Accuracy and Clinical Relevance

In testing across large real-world datasets, Prima achieved accuracy up to 97.5% in correctly diagnosing conditions seen on brain MRI scans, a level consistent with rigorous clinical evaluation metrics reported in scientific publications.

Importantly, the system can also flag cases that require urgent medical intervention, helping clinicians prioritize patients who need faster treatment. This triage capability distinguishes Prima from many earlier AI models focused solely on detection.

Potential Impact on Healthcare

The developers of Prima highlight that global demand for MRI imaging is rising, creating strain on radiologists and diagnostic services. In many settings, especially in rural or underserved healthcare systems, access to expert radiology interpretation may be limited. AI models like Prima could help reduce diagnostic delays and support faster clinical decision-making.

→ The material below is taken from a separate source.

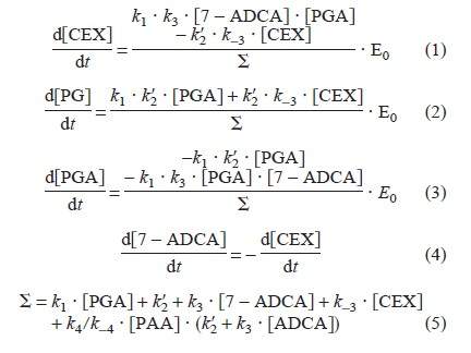 4UVQ4KBW0G%WSU$F5BCNI3G.jpg如图,此为酶反应方程式 更具此方程式,推出如下图方程式3W2@O]QLUNQKE0DK01}}M)C.jpg、CR4II%FHW6YF6@PNI0AF8B1.jpg。 其中方程6、7中的7-adca0 ,PGA0是初始浓度,k1,k2‘为已知常数,如何求得k3、k-3、K4/K-4,然后如何画出cex、pg、pga三者的图???? 3W2@O]QLUNQKE0DK01}}M)C.jpg CR4II%FHW6YF6@PNI0AF8B1.jpg 4UVQ4KBW0G%WSU$F5BCNI3G.jpg |

However, researchers emphasize that AI systems are tools intended to augment human clinicians, not replace them. Integration into clinical workflows typically requires validation in real-world medical settings and continued oversight by trained physicians.

A lady healthcare professional looking at some scans.
The developers of Prima highlight that global demand for MRI imaging is rising, creating strain on radiologists and diagnostic services. Drazen Zigic - Freepik

AI in Medical Imaging

AI approaches to medical imaging are advancing rapidly. Other research initiatives are exploring deep learning methods to perform diverse tasks from brain age estimation to predicting disease outcomes using MRI data. A model called BrainIAC, for example, leverages self-supervised learning to extract multiple health indicators from MRI scans and may assist future diagnostics beyond traditional labeling systems.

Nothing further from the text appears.